Call to Include Circumcision in AIDS Fight

Scientists are calling for the speedy inclusion of male circumcision in the comprehensive HIV prevention package. This despite questions raised about human rights and the confusing message it might send to people.

Studies have shown that male circumcision reduces the risk of contracting HIV in heterosexual men by more than 50 percent if done correctly. Work is being done on the policy to include circumcision in the HIV National Strategic Plan (NSP), but there are ethical issues around it.

Nkosi’s Haven Village Launched on World AIDS Day

The feisty red-head and dedicated HIV and AIDS activist, Gail Johnson, marked World AIDS Day with the launch of a new HIV/AIDS haven.

Johnson says that, “When purchasing this village, the board of directors were adamant that we create a new lifestyle community where our residents will benefit from complete holistic care and contribute to the sustainability of the project.”

She says mothers require capacity-building in order for them to be reintegrated into society.

Zuma Unveils New Push to Fight HIV/AIDS

President Jacob Zuma has announced a raft of policy changes to provide HIV treatment to some groups of patients earlier in the course of their disease, taking South Africa a step closer to new guidelines issued by the World Health Organisation.

The development is significant as it will oblige the government to extend treatment to many more people than it is at the moment, increasing the pressure to manage scarce resources more effectively.

“Let the politicisation and endless debates about HIV and AIDS stop,” says Zuma.

I Smile, Half

I smile, half
at the HIV-Positive
t-shirted fellow
leaning at a pole
on my morning-way
to Lansdowne station

I smile, half
at the 3 motorists
ignoring the stop-street
on their morning-way
quite casual-like

I smile, half
at the smokers-male
on their morning-way
to ruining their health
quite casual-like

I smile, half
grimacing actually
at the fact of December 1
World AIDS Day (again)
quite casual-like


NGOs Warn Against Criminalising HIV Transmission

Ugandan civil society organisations have warned against criminalising the transmission of HIV/AIDS.

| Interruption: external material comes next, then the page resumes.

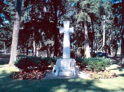 The Parksville Cenotaph is located at the Parksville Community Park, it was constructed in 1922-1923. It was built in memory of veterans from Parksville and area who served in the First and Second World Wars. The memorial was purchased from money raised by the Women’s Institute. The three tons of granite were brought from Nelson Island and carved by Bill Wheeler with the help of W. Bryce. The original site was on Memorial Avenue. The Women’s Institute also donated trees to border both sides of Memorial Avenue. However, due to traffic congestion it was decided to move the monument. The new location was a piece of land donated on Sutherland Drive. Memorial Park was created with grass and seed donated by Buckerfield and trees provided by B.C. Forest Service. The memorial was rededicated on 11 June 1967. It was during this move that it is believed the monument was separated from its original base. Due to traffic congestion the monument was moved again to the Parksville Community Park on 23 October 1976. The monument was moved once again to its current location, the plaza outside the Parksville Civic and Technology Centre complete with its original base, which was located by Don Levirs a local resident. It was rededicated on 11 November 2001.
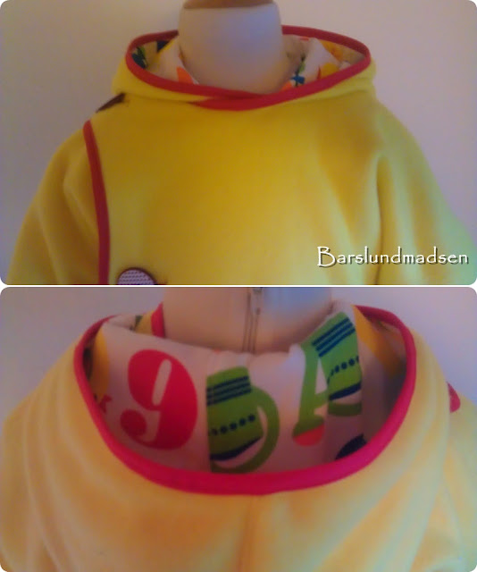 Så blev jakken til min niece færdig, den er i den grad gul og bare super fin, med det skønneste graziela stof som foer i hætten og som lomme...

Action Aid Uganda’s Stella Mukasa, notes that, “Criminalising the transmission of the disease invokes stigma, discrimination and deters voluntary testing and access to treatment.”

Mukasa argues that applying criminal law to HIV transmission could result in women being disproportionately prosecuted and increase domestic violence.

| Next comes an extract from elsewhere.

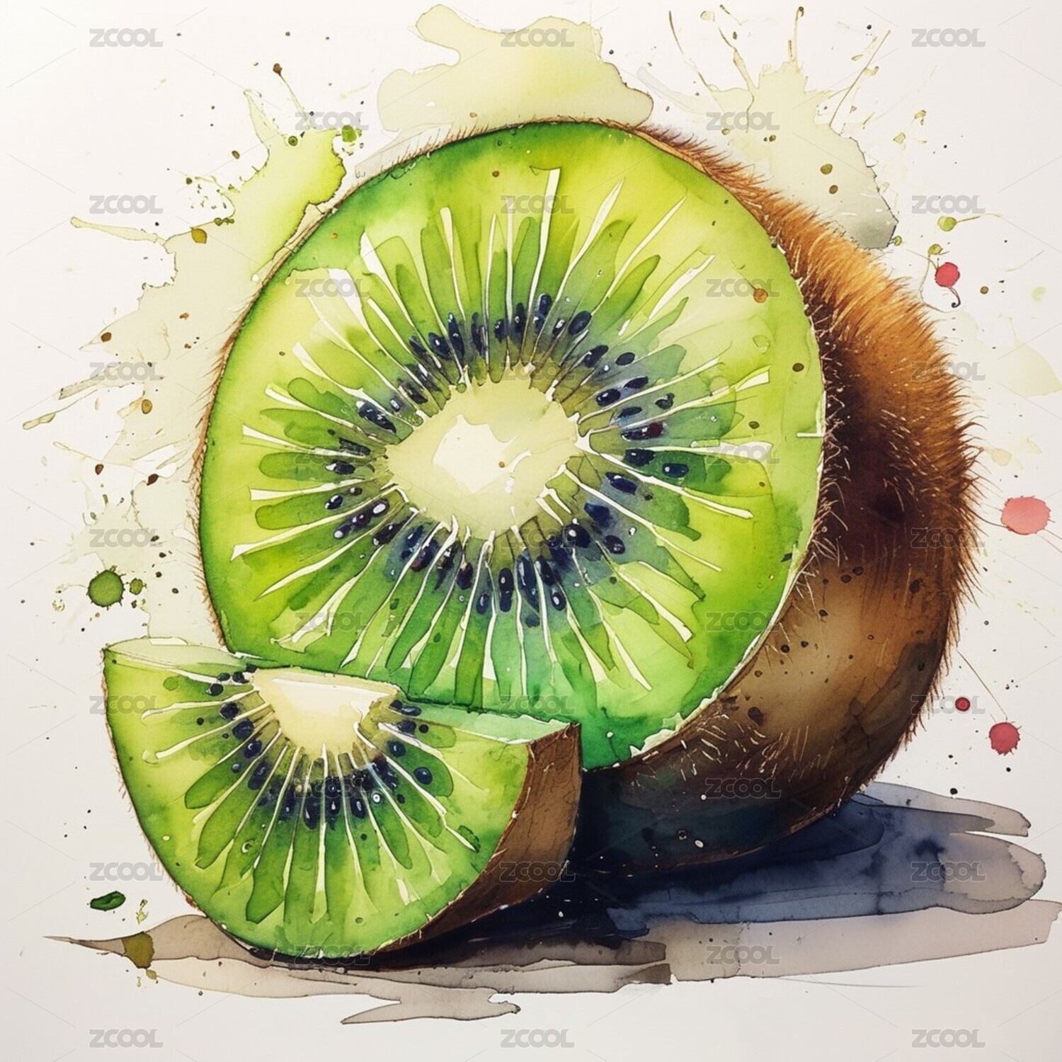 插画,水彩风,维生素,健康,自然,水果,果实,多汁,猕猴桃

UNAIDS Praises SA Response to AIDS

The United Nations AIDS Programme (UNAIDS) says South Africa has more people living with AIDS than any other country, but it also has a new government determined to end the crisis.

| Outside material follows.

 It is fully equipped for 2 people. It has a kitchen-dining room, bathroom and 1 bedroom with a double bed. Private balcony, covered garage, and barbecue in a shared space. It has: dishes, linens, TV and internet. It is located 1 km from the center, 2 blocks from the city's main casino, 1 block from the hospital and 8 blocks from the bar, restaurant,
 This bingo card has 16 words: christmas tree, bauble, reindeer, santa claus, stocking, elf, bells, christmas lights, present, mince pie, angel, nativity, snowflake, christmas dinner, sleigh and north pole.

UNAIDS executive, Michel Sidibe, "If I am not in South Africa for World AIDS Day, I don't know where I should be."

Sidibe maintains that President Jacob Zuma is committed to making change happen, praising the Department of Health for moving quickly to distribute more AIDS drugs and for working with the UN to improve ways of using scarce resources.

Independent Health Watchdog by April – Sefularo

The Department of Health has announced that an independent health watchdog will be introduced by April to ensure clinics and hospitals adhere to quality standards.

Deputy Health Minister, Molefi Sefularo, points out that the National Health Act will be amended to create the watchdog body, which will report to Parliament either directly or through the health minister.

Although there is already a standards office within the Health Department, it is felt the proposed body should not be within the department it is supposed to judge.

Call for Compulsory HIV Testing for Alleged Rapists

Rape victims should be encouraged to apply for compulsory HIV testing of alleged rapists. This is the view of Minister of Women, Children and Persons with Disabilities, Noluthando Mayende-Sibiya.

Mayende-Sibiya argues that rape survivors should fully utilise the provisions of the Sexual Offences Amendment Act, adding that they [survivors] have a right to request compulsory HIV testing of an alleged offender.

New Recommendations for HIV Patients

The World Health Organisation (WHO) has urged countries to phase out the use of Stavudine, the most widespread anti-retroviral, because of what it calls long-term, irreversible side-effects in HIV patients,  including wasting and a nerve disorder.

In sweeping changes to its guidelines, the WHO also recommends that people with HIV, including pregnant women, should start taking antiretroviral drugs earlier to live a longer and healthier life.